How to Stop Procrastinating by Managing Your Emotions

Procrastination happens when we delay doing things, and it's often connected to our emotions. Feelings like being afraid to fail, feeling worried or stressed, getting bored, or lacking motivation can all contribute to procrastination. To stop procrastinating and get more things done, it's important to learn how to handle our emotions better.

Boredom:

Break the task into smaller, more engaging sub-tasks.

Find ways to make the task more interesting or challenging.

Set a timer and work on the task for a specific amount of time, followed by a short break doing something enjoyable.

Feeling Overwhelmed:

Prioritize tasks and focus on one thing at a time.

Break the task into smaller, more manageable steps.

Delegate some parts of the task if possible or seek help from others.

Use tools like to-do lists or task management apps to stay organized.

Anxiety:

Practice deep breathing or mindfulness techniques to calm yourself.

Challenge negative thoughts and replace them with more positive and realistic ones.

Start with the easier or less intimidating aspects of the task to build momentum.

Set realistic expectations and remind yourself that it's okay to make mistakes.

Self-Doubt:

Focus on past accomplishments and successes to boost your confidence.

Seek support or feedback from others to gain reassurance.

Remind yourself of your skills and capabilities to tackle the task.

Use positive affirmations to counteract negative self-talk.

Perfectionism:

Embrace the concept of "good enough" rather than seeking perfection.

Set realistic and achievable goals for each task.

Recognize that mistakes and imperfections are part of the learning process and growth.

Indecisiveness:

Break decisions into smaller steps and make one small decision at a time.

Set a time limit for making decisions to avoid overthinking.

Trust your instincts and make the best decision you can with the information available.

Apathy or Lack of Interest:

Find aspects of the task that align with your values or long-term goals.

Break the task into smaller, more manageable parts and focus on completing one at a time.

Reward yourself for completing the task to make it more appealing.

Stress or Burnout:

Practice stress-reduction techniques such as meditation, exercise, or spending time in nature.

Break tasks into smaller steps to reduce the feeling of overwhelm.

Prioritize self-care and take breaks to avoid burnout.

Feeling Uninspired or Creatively Blocked:

Engage in activities that stimulate creativity, such as brainstorming, mind mapping, or seeking inspiration from others' work.

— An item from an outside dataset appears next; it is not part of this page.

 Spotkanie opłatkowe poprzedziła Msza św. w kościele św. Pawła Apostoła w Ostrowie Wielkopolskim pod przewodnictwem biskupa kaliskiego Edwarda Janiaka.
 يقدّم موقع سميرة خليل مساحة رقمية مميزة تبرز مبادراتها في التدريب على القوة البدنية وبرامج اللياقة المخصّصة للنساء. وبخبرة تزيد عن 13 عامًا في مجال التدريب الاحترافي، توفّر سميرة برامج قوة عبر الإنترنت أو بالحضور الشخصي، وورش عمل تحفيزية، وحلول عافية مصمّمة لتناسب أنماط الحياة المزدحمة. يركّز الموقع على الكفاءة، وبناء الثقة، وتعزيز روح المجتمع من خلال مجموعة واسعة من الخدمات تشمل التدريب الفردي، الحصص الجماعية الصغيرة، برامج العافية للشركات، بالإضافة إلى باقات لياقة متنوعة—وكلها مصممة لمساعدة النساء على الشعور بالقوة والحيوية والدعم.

Start with a simple and basic version of the task to get the creative juices flowing.

Collaborate with others or seek feedback to gain new perspectives.

Fear of Success:

Identify and challenge the negative beliefs or fears that may be holding you back.

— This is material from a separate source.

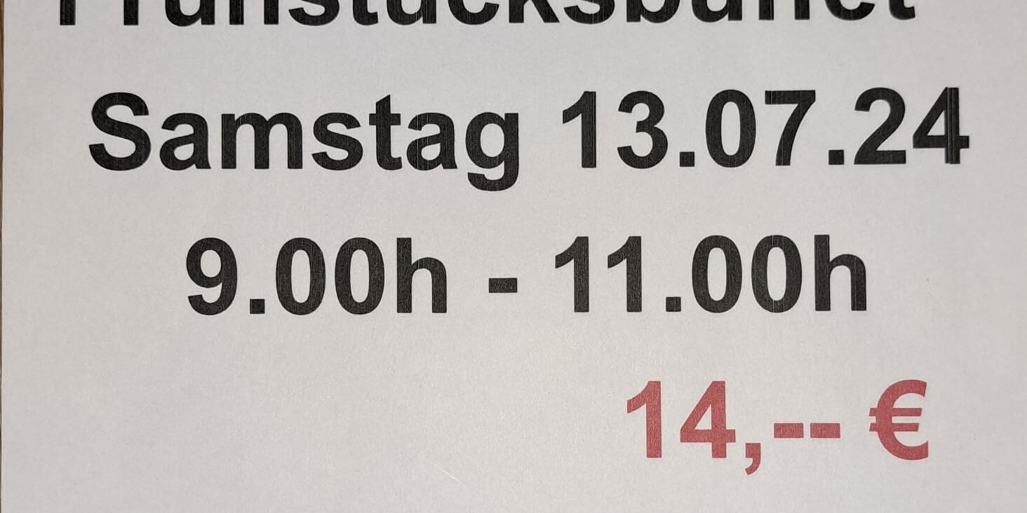 Keine 5 Gehminuten weg vom Gelände gibt es ein Frühstücksbuffet am Samstag für unsere Camper. Bitte meldet Euch verbindlich unter vorstand@dalmstock.de mit vollem Namen an, damit wir reservieren können.

Visualize the positive outcomes of completing the task successfully.

Focus on the benefits and personal growth that come with success.

Impatience:

Break long-term goals into smaller milestones to track progress.

Practice mindfulness to stay present and patient throughout the process.

Remind yourself that progress takes time and effort.

Lack of Confidence:

Celebrate your past accomplishments to boost your confidence.

Seek support and encouragement from friends, family, or mentors.

Focus on building specific skills related to the task to increase confidence.

Avoiding Discomfort:

Acknowledge that discomfort is a natural part of growth and improvement.

Break tasks into smaller steps and tackle the more challenging aspects gradually.

Remind yourself of the long-term benefits of facing discomfort.

Overestimating Future Motivation:

Practice discipline and commit to starting tasks even when motivation is low.

Set specific deadlines for tasks to create a sense of urgency.

Establish a routine that includes regular work on the task to build consistency.